Trump org. X-Mas bonus list is a heart attack on a chart, an accountant testifies

  • The first defense witness in the Trump Org. tax fraud trial is outside accountant Donald Bender.
  • He testified Tuesday that he “would have had a heart attack” if he had seen the company pay Christmas bonuses.
  • Executives were paid bonuses in petty checks signed by Trump in what the prosecutor said was a tax evasion.

A longtime external auditor for the Trump Organization testified at the tax fraud trial on Tuesday that he would have been beyond shocked if he had seen the company’s annual “secret” lists of Christmas bonus payments.

“I probably would have had a heart attack,” Donald Bender, who did corporate taxes for 35 years, told a Manhattan jury on Tuesday.

For years, former President Donald Trump personally signed stacks of bonus checks that were then stuffed into favorite corporate executives’ Christmas cards, jurors have already heard in the trial.

But the annual bonus payout for management was part of a 15-year payroll tax evasion scheme that reached the top of the company, prosecutors are trying to prove.

The bonuses should have been reported in their entirety each year on corporate W-2s, as taxable income. But they weren’t, prosecutors have charged.

Instead, plaintiffs received most of their annual bonuses in separate checks from various Trump Organization subsidiaries, as if they had worked as freelancers or contractors for Wollman Rink, Mar-a-Lago, the Trump International during the previous year. Golf Club in Palm Beach, Florida, and even Trump Productions, which produced “The Apprentice.”

That way, prosecutors argued, the company saved on withholding and was able to write off the checks as sub-costs. Meanwhile, the executives could claim the checks as freelance income, allowing them to deposit some of that money into tax-free savings accounts available only to the self-employed.

For example, in 2015, the Trump Organization paid $1.1 million in executive bonuses and Allen Weisselberg, its chief financial officer, paid a $300,000 bonus, according to documents.

Of that, $100,000 was properly paid, as compensation claimed on Weisselberg’s W-2 payroll for that year.

But $75,000 of the bonus was paid to him in a check from Wollman Rink, as if the now 75-year-old CFO had been over the moon at Central Park’s famous ice rink that year.

The rest of his bonus was paid in $50,000 checks with three different payers, as if Weisselberg had done work for Palm Beach’s golf club, Mar-a-Lago, and “The Apprentice” last year.

Last week, Weisselberg testified at the booth that these payments violated tax filing requirements.

Internally, careful records were kept of how company bonuses were paid, some titled “The Trump Organization Christmas Bonuses.”

Trump’s initials are on some of these plates. According to documents, he personally approved the total bonus amounts to be received each year by such executives as Weisselberg, corporate lawyer Jason Greenblatt, controller Jeffrey McConney and COO Matthew Calamari.

But Trump’s initials are not on spreadsheets showing what prosecutors say was the illegal part of the plan — charts showing which subsidiaries paid the bonus checks.

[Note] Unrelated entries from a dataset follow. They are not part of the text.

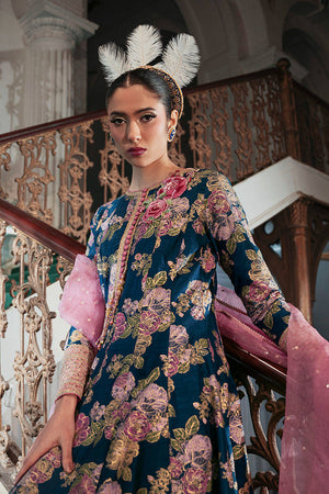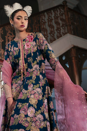 "Printed Gale" is a stunning electric blue raw silk kalidar, featuring a delicate floral print and intricately hand-embellished motifs on the bodice. The addition of contrasting pink loop buttons with tassel detailing adds a bold, eye-catching element to the design. The kalidar’s sophisticated charm is further enhanced by fitted full sleeves and beautifully embroidered borders along the cuffs and hem. To complete the look, a contrasting pink organza dupatta, adorned with a shimmering sequin spray, adds an ethereal touch. Paired with crushed trousers to introduce a modern fusion, this ensemble is sure to turn heads at any event, seamlessly blending tradition with contemporary style.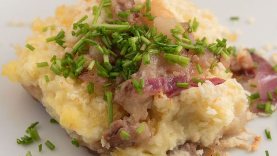 - Pozostałą wodę z garnka odlej, a ziemniaki z mąką ubij na purée. Słoninę lub boczek pokrój w niewielką kostkę i wytop na patelni do uzyskania skwarków.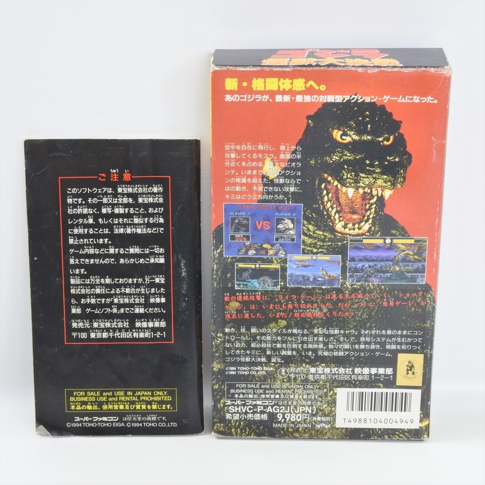 GODZILLA Kaiju Dai Kessen Super Famicom Nintendo 2165 sf JAPANESE RETRO VIDEO GAMES JUST CLICK IT !! CONDITION As photo shown. CONTENT Photo shown everything you will have. SHIPPING Combined Shipping Available for more than 2 purchases at the same time !! JAPANESE RETRO VIDEO GAMES JUST CLICK IT !!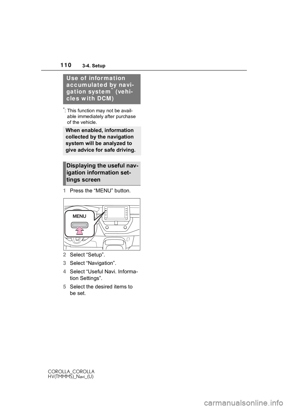 TOYOTA COROLLA 2020 Accessories, Audio & Navigation (in English)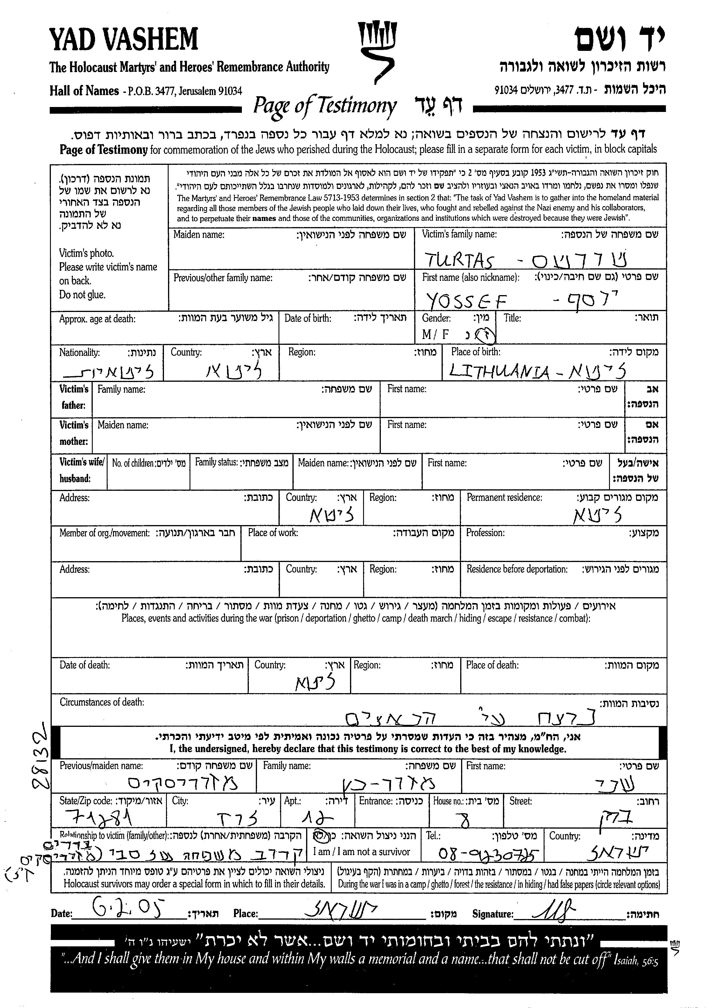Иосеф Turtas, место рождения: Литва. Место жительства до войны: Литва. Место во время войны: Литва.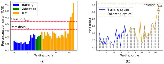 AE vs. mean acceleration value (Beta 1001). (a) Reconstruction error 1D CNN AE, (b) mean acceleration value.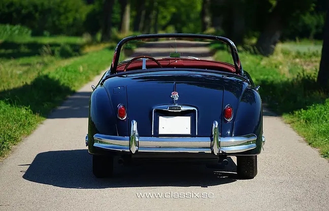 History: This is a very well-documented Jaguar XK150 3.4L OTS S. It has full ownership history in chronological order, with copies of the various titles showing where the car has been registered over the years. It comes with the original operating and service handbook, extra keys, and invoices for some of the recent work. To sum up: a very collectible Jaguar XK150 OTS offered for sale, which you would be taking over perhaps in the best possible state—not freshly restored, but used and tested, now performing as excellently as it looks. It is also a very rare model, arguably in the most beautiful shape and color combination. On 2020-04-23 it was registered and passed Technical Control in Sweden and comes with Swedish registration documents.

Bender, who works for the Mazars accounting firm, testified Tuesday that he had never seen these alleged heart attacks on a map, not until Manhattan prosecutors showed them to him in 2021.

Had he seen these charts and realized the scope of the scheme, he would have sounded the alarm, he told jurors, under cross-examination by Susan Hoffinger, one of the lead prosecutors.

“I probably would have had a heart attack,” he said, before apologizing for the exaggeration, explaining that he meant he would have been “very concerned” and probably alerted his firm Mazars.

The accounting firm cut ties with Trump and the Trump Organization earlier this year, citing a history of financial “discrepancies” at the company.

Bender’s testimony, a defense witness, could help the defense argue that Trump, too, was kept in the dark about the subsidiaries paying bonuses to directors as if they were outside compensation.

The trial is suspended for the rest of the week. Bender’s testimony and the defense case could be concluded on Monday, with closing arguments possibly as early as Tuesday.

Trump is not personally named as a defendant in the five-week criminal trial, but his company could face $1.6 million in fines if convicted of conspiracy, defrauding and lying on official records.